Dai Beatles a 007, i miti di Londra sono ancora nostri

Addio Londra sorgente dalle «acque limacciose del Tamigi». L’Unione Europea sarà l’unico posto sul pianeta dove si parla la lingua degli altri, dove un polacco e un italiano, un francese e un tedesco per capirsi si esprimeranno nell’idioma di un Paese ormai a loro estraneo.
S ul piano giuridico e politico, s’intende. Un Paese che dà o rifiuta visti, passaporti, permessi di soggiorno. Ma un Paese da cui non potremo e non vorremo mai prescindere per la cultura, quella astratta e quella materiale.
La Gran Bretagna è il software dell’Occidente, e pure dell’Oriente. È la terra dove si compongono le musiche, si inventano i mondi, si creano i personaggi, si pensano le serie, nascono i talenti che cambiano il nostro modo di pensare e di sentire. È sempre stato e sempre sarà così, anche se i loro governanti ci tratteranno da estranei.

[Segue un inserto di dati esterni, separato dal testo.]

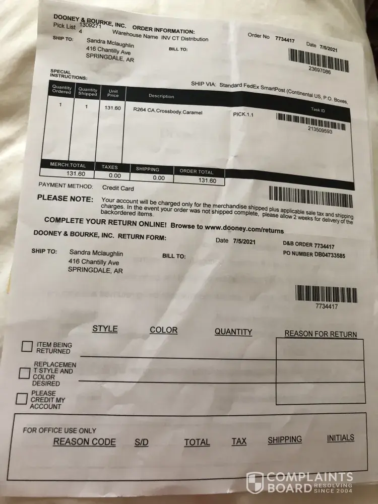 On April 27, 2021, I ordered two items from Dooney & Bourke and I mistakenly put in the wrong shipping address. I noticed the mistake and called the company the on morning on April 28, 2021 and was told that they would update my address and send items to correct address. I was given a tracker ticket number 332359. I have called again on May 5, 2021 to get a status and was told that since it had not gone out it would be send to the address that I updated on April 28, 2021 and I was given another tracker ticket number 344272. My husband received a telephone call from the post office at Fort Meade, MD stating that they had a package but it could not be delivered since we had not lived there since 2019. I called D&B on May 5, 2021, telling them about the problem and was told to to call UPS asking them not to deliver, which I did and was told that only the company could make and request the change. I again called D&B and was told that I would have to wait about 2 weeks for them to find the problem and that I could be able to get a replacement of the items. Today, May 25, 2021, I received this email :
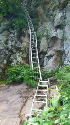 夜行列車で松本駅に着き、新島々まで電車、そこからバスで上高地バスターミナルまで移動した。バスターミナルで帰りのバスの乗車整理券をもらってから歩き始め登山口まで約30分。これから登る焼岳は日帰りで登れる北アルプスの山、そして唯一活発な火山。林道から登山口に入り森の中を歩いていく。途中、川や橋(写真左上)を渡り、何度か梯子(写真下中は一番長い梯子)を登ったり、クサリ場を通ったりしながら高度を上げて行く。
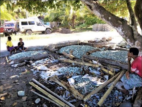 Steine, farblich getrennt, werden am Strand gesammelt und verkauft.
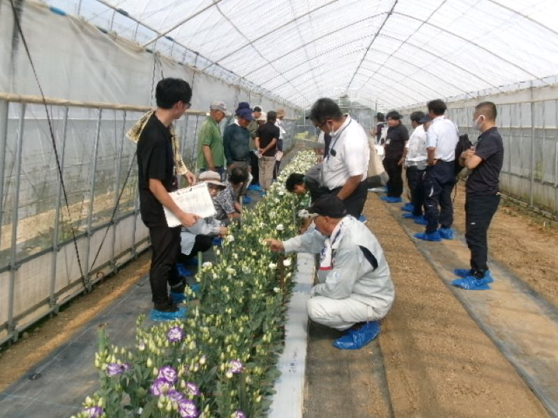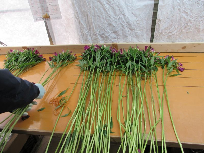 | 選別作業 収穫した花を選別し、長さをそろえて束ねます。 |
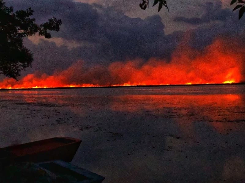 Alınan bilgiye göre, saat 18.00 sıralarında Terme’de koruma altındaki Akgöl ve Simenit Gölleri mevkisinde bulunan sazlık alanda henüz bilinmeyen nedenle yangın çıktı. Kısa sürede şiddetlenen yangın bölgedeki sazlık alanı küle çevirirken olayı görenler itfaiyeye ihbarda bulundu. Bölgeye sevk edilen itfaiye ekipleri yangın bölgesine ulaşım sağlayamazken, Terme Belediyesi ve Terme Orman Müdürlüğüne bağlı ekipler iş makineleriyle yangının önünü toprakla kesti. Geniş alana yayılan sazlık yangınında bir kısım bölgedeki ağaçlar kül olurken, telef olan hayvanların da olduğu bilgisine ulaşıldı. Rüzgar şiddetinin düşmemesi ve yangının büyümesi halinde bölgeye havadan yangın söndürme helikopteri ile müdahale edileceği öğrenildi.
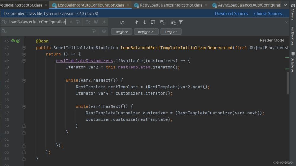 还是在这个类当中:org.springframework.cloud.client.loadbalancer.LoadBalancerAutoConfiguration
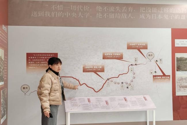 “1937年抗日战争爆发,为保存农业教育火种,国立中央大学 厂长资源 的师生们带着珍贵的动植物标本、实验器材,踏上了西迁之路……”随着讲解员的声音响起,“西迁中的南农记忆”展区前,同学们的目光紧紧跟随讲解员,思绪也走进了那段烽火连天的岁月。
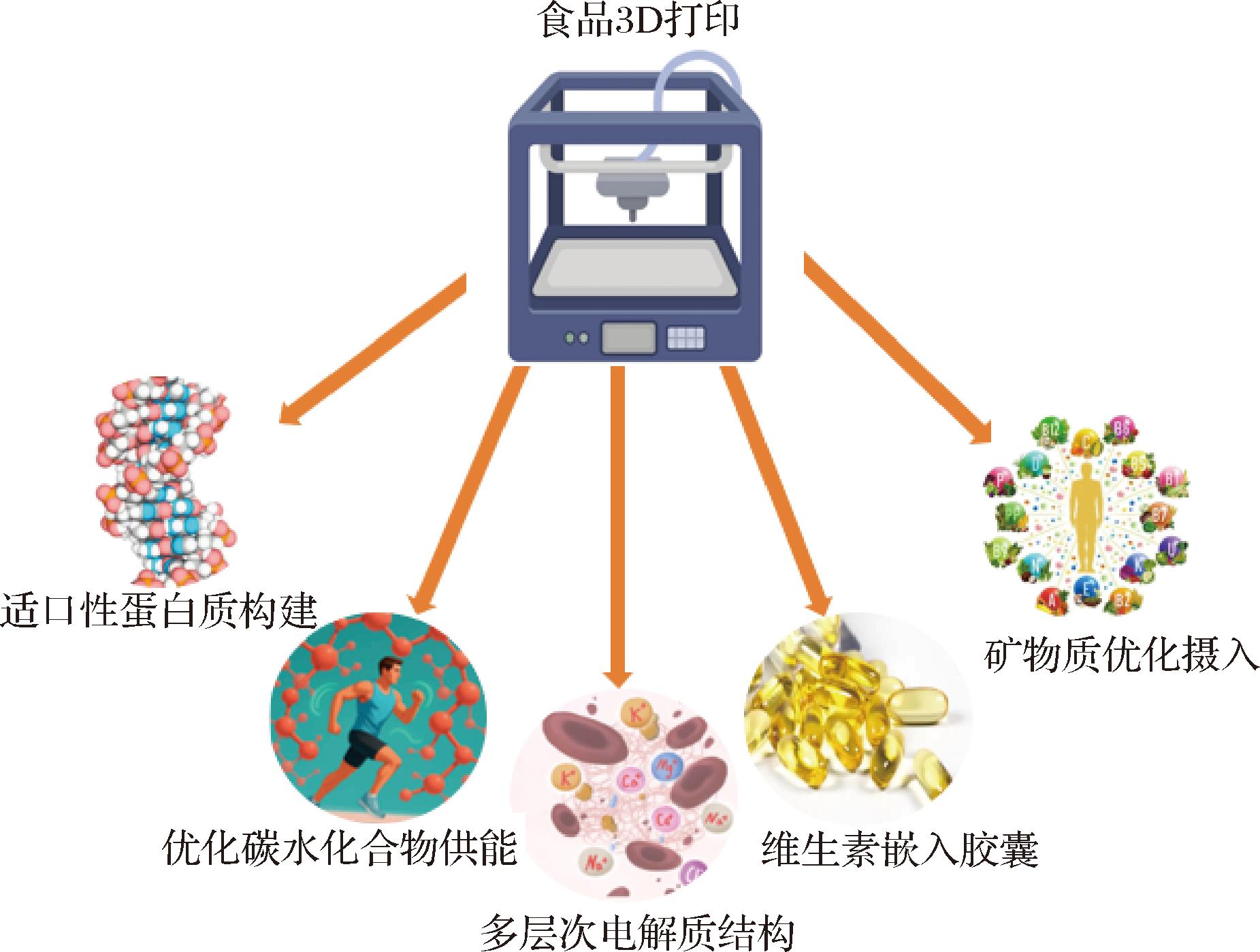 3D打印是一种以数字模型为基础,通过逐层堆叠材料来构建实体的先进制造技术[3]。不仅可以快速原型开发和小批量定制生产,还打通了从设计到制造的全过程,突破了传统加工方式的局限。近年来,3D打印技术的可打印材料也由最初的聚合物[4]扩展到金属[5]、陶瓷[6]、砂类[7]和生物组织[8]等多种类型,广泛应用于航空航天[9]、医疗健康[10]、汽车制造[11]等领域,展现出强大的发展潜力。在食品制造领域,3D打印不仅改变了食品制造方式,更为运动营养食品带来巨大的突破口。相较于传统食品制造工艺在定制化和精准营养补给方面的局限,3D打印可通过可控原料配比、结构层级设计及功能因子精准定位,实现“营养成分-打印结构-摄入效果”的有机联动。当前运动营养食品普遍面临配方同质化、功能释放时效差、个体适配度低等问题,随着3D打印技术的引入,有望打通从运动状态识别、营养干预方案生成到即时食品制造的个性化闭环路径,精准适配不同运动阶段(如训练期、赛前恢复期、赛后补偿期)对蛋白质、碳水、电解质、微量活性因子的差异化需求。

La generazione degli Anni 60 ha avuto, com’è ovvio, la swinging London e la minigonna, i Beatles e i Rolling Stones, la regina che da tempo era già la stessa ed Elton John che non aveva ancora i capelli. Ma anche la Londra laburista – quando c’era Tony Blair – ha lasciato ricordi formidabili.
Subito morì lady Diana. Il diabolico Alastair Campbell inventò per il premier la definizione «princess of the people», il suddetto Elton scrisse prontamente una canzone e la principessa tradita e traditrice divenne un mito. Come il Manchester United del laburista Alex Ferguson e di Beckham, che sposava la più bella delle Spice Girls. Le canzoni di Robbie Williams e i romanzi di Ian McEwan. Gli emiri arabi e gli oligarchi russi, Abramovic contro Berezovskj, spie e omicidi con il veleno. La morbidezza di Kate Winslet e la magrezza di Keira Knightley. Il ciuffo di Hugh Grant e il London Eye, che ispirava l’ennesimo capitolo della saga di James Bond.

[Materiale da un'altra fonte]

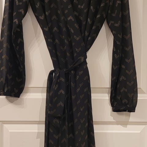 Lite og pent brukt bukse i bomull, viskose og silke. Veldig behagelig på. Vide ben, lett utsvingt. Strikk i livet.
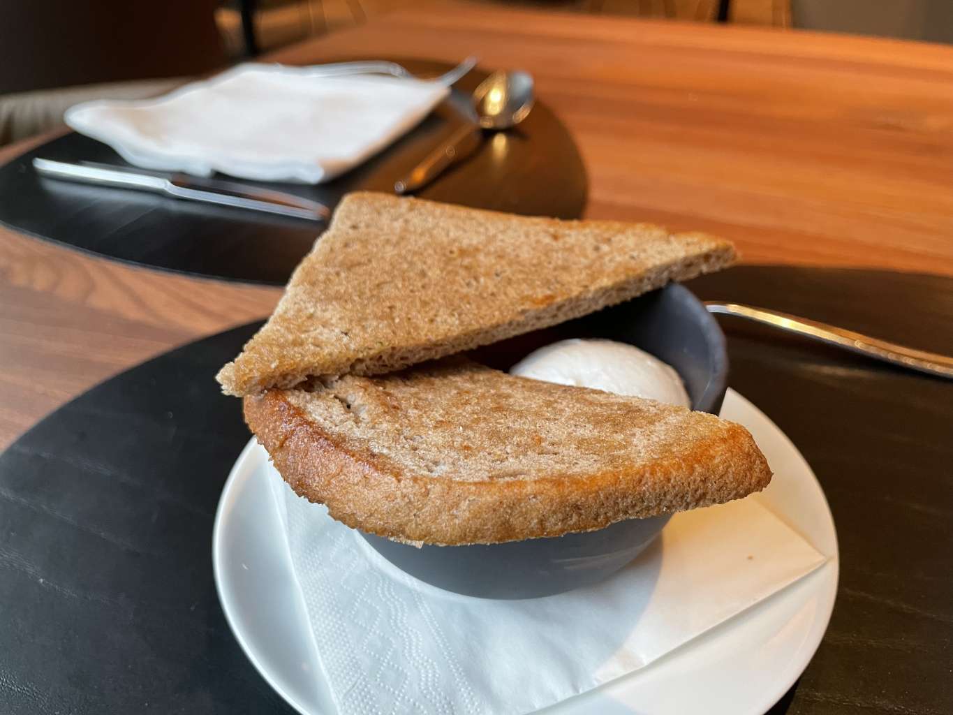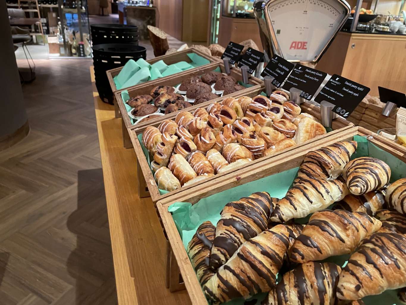 Das Büffet-Frühstück hat zunächst einmal einen eigenen Bereich mit einer großen Auswahl an Brot und Brötchen sowie süßem Gebäck. An einem zweiten Tisch gibt es dazu noch warme Croissants und Toast.
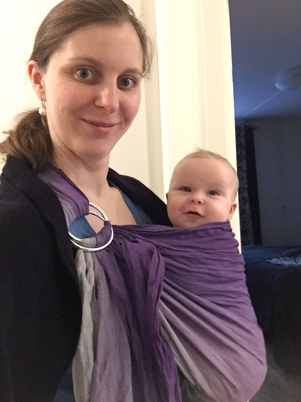Nu har vi en ringsjal för att kunna bära Erik hemma kortare stunder. Erik invigde sjalen med att somna direkt.
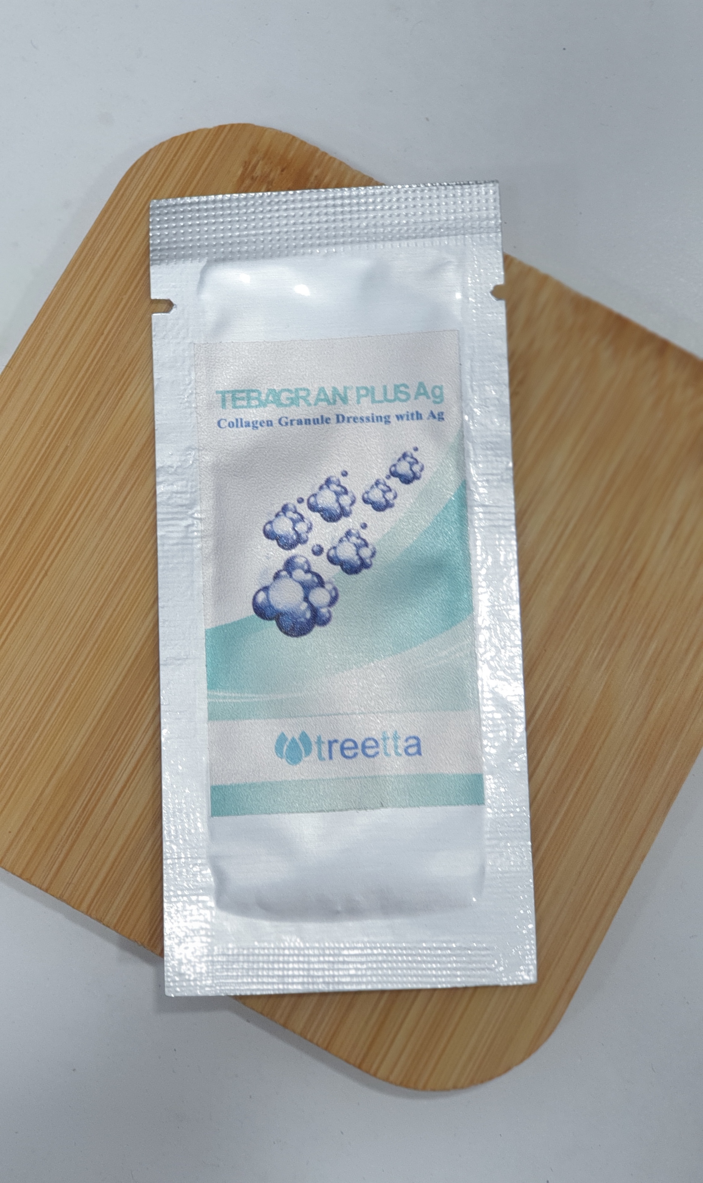 پودر طباگران نقره تریتا از سری محصولات زخم تریتا شامل گرانولهای بیوپلیمری ۱ بر پایه پروتئین کلاژن بوده و از ذرات کریستال نقره جهت درمان عفونت استفادهشده است.
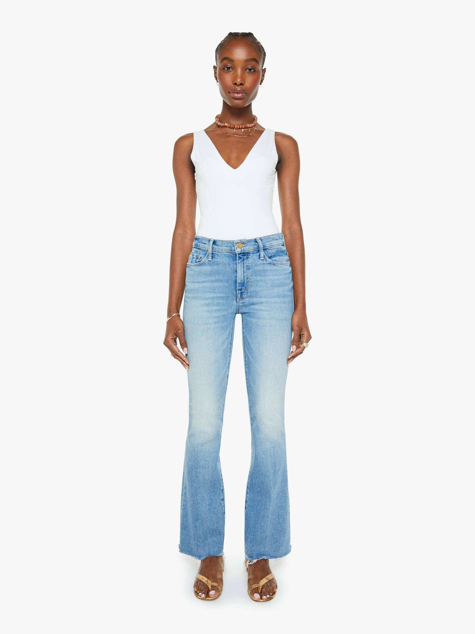 Sunkissed. Our most popular mid-rise flare has a 31-inch inseam with a frayed hem. Cut from stretch denim, Glow Up is a light blue with whiskering and fading.
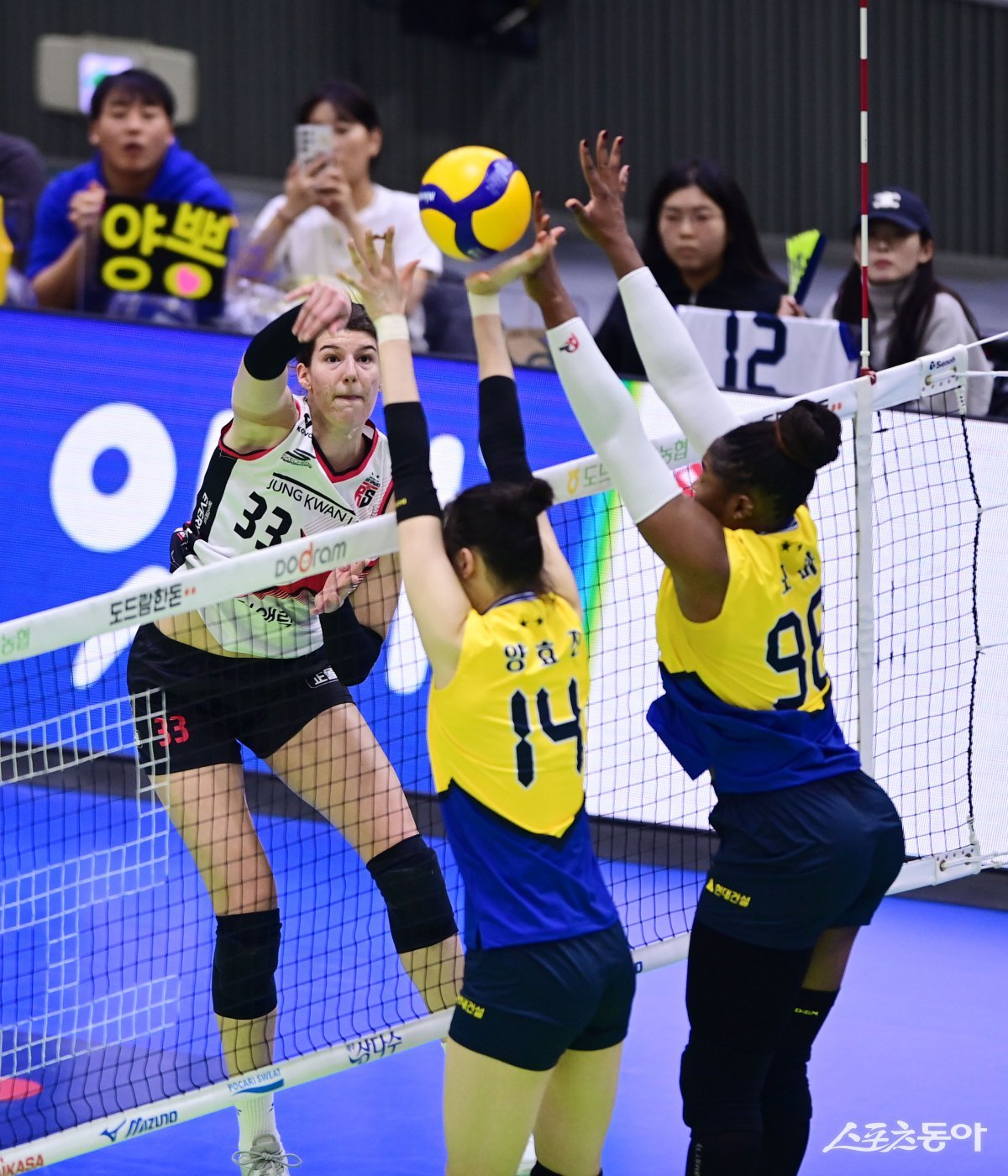 22일 경기 수원체육관에서 열린 ‘도드람 2024-2025 V리그’ 여자부 현대건설과 정관장의 경기에서 정관장 부키리치가 현대건설 블로커 앞에서 스파이크를 하고 있다. 수원 | 주현희 기자 teth1147@donga.com

E la fiaba globale di Harry Potter, ultima invenzione di una letteratura fantastica che da secoli continua a «riempire il cielo inglese di miraggi». Tutti i miti letterari britannici in questi anni sono diventati film di successo internazionale: Narnia, Alice nel paese delle meraviglie, Jack the Ripper, Sherlock Holmes, Gulliver, Frankenstein, i romanzi delle sorelle Bronte e ovviamente Shakespeare (lo splendido Shakespeare in Love di John Madden vinse sette Oscar nel 1999, bellissimo anche Anonymous in cui il Bardo era in realtà il conte di Oxford); mentre prima l’americano Kevin Costner, poi il neozelandese Russell Crowe diventavano Robin Hood. Nel frattempo si portavano al cinema le regine, dalle due Elisabetta a Vittoria, e gli scienziati: Stephen Hawking de La teoria del tutto e Alan Turing, il genio che decifrò il codice dei nazisti ma fu perseguitato in quanto omosessuale.
Damien Hirst metteva in formalina gli squali e lanciava la Tate Modern, Lewis Hamilton vinceva il Mondiale di Formula1 a 23 anni, Amy Winehouse pareva la voce di Dio, Alexander McQueen provocatore dell’alta moda inventava le scarpe armadillo indossate da Lady Gaga. Se tu non andavi a Londra, Londra veniva da te.
Poi qualcosa si è rotto.
La grande crisi del 2008 ha colpito duro la capitale della finanza europea. I laburisti hanno perso le elezioni del 2010 e non si sono più ripresi. L’Olimpiade 2012 fu un successo; ma la Brexit ha fatto perdere tre anni e mezzo sia al Regno Unito sia all’Europa. Amy Winehouse se l’è portata via la droga, McQueen si è suicidato, e James Bond ha assunto le fattezze rudi di Daniel Craig, che ai tempi di Sean Connery avrebbe fatto il cattivo della Spectre.
Eppure la metropoli multietnica continua ad avere grande capacità di attrazione e di creazione di miti, neppure paragonabile a quella dei Paesi dell’Unione, comprese Francia e Germania. La serie di culto Downton Abbey è approdata al cinema, Adele non sbaglia una canzone, Banksy è di qui, il Guardian ha il sito più visitato d’Europa, il Liverpool è tornato a vincere la Champions.
Londra, anche se non ci vuole più, ci appartiene. E non si libererà mai di noi.